One thing we overlooked during this rollout was that asset compilation had slightly changed for our Rails 5 application assets. Some of our image assets generated different digest fingerprints during compilation than their Rails 4 Sprockets-compiled counterparts. This meant that when a Sidekiq worker sent an email with a link to an image in it, that link included a digest path for an asset that our Rails 4 server did not have. Our CDN was configured with our Rails 4 load balancer as an origin, so these requests resulted in 404s.

We quickly setup a new CDN distribution and conditionally sent requests to the Rails 5 origin when they matched that host. After that, Rails 5 assets were isolated from Rails 4 assets and things worked correctly.

We rolled out our Resque and Sneakers workers next. This was a bit more problematic as we had some major issues with constant resolution in the lib directory. Some clashing namespaces with global constants and eager loading presenting some cryptic, race-condition-like errors finding constants. Some of the behavior we noticed was due to Ruby’s eager constant resolution from within classes. Example: Array::String::Integer. This was later addressed in Ruby 2.5.

Web

Web and API tier were the last to roll out because they’re higher risk. Web transactions are typically coming from customers and their experience on the site is paramount.

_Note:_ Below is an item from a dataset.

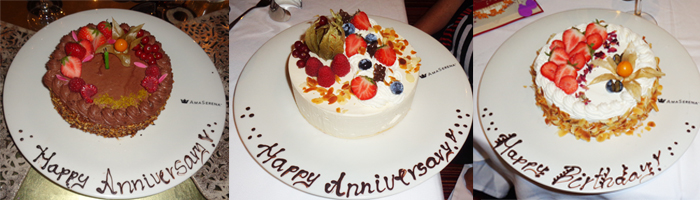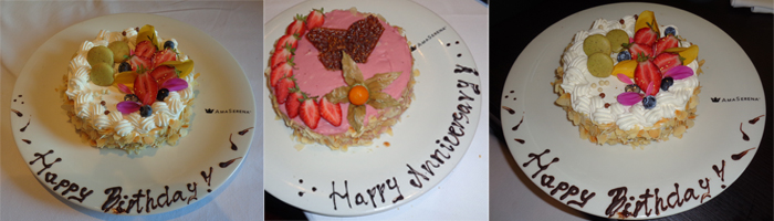 ![]() ![]() Always something to celebrate: a birthday, an anniversary, ... AmaWaterways always makes a special celebration a very personal event and presents beautiful home made cakes. |

To canary roll out a new web tier, we used weighted DNS routing with a low TTL. This allowed us to set a weight on the DNS records that pointed to both the Rails 4 and 5 load balancers and slowly send traffic to the Rails 5 application.

We began with 10% and started to see an increased rate of 422 responses. The errors were Invalid Authenticity Token. What we noticed is that many users received sporadic authenticity token errors at various points of the website and some users were having trouble logging in (or staying logged in).

We immediately rolled back. Upon inspection we theorized that per-form CSRF tokens could be to blame—when a user bounced between Rails 4 and 5, a subsequent request would not yield valid authenticity tokens because Rails 4 was unaware of the new CSRF scheme. Disabling this functionality did not significantly reduce the error rate, so we decided to take a different approach.

We verified that there were session interoperability issues between Rails 4 and 5 when bouncing back and forth, so our modified approach was to make a swift DNS change and be serving 100% Rails 5. This went predictably and we had almost no subsequent issues.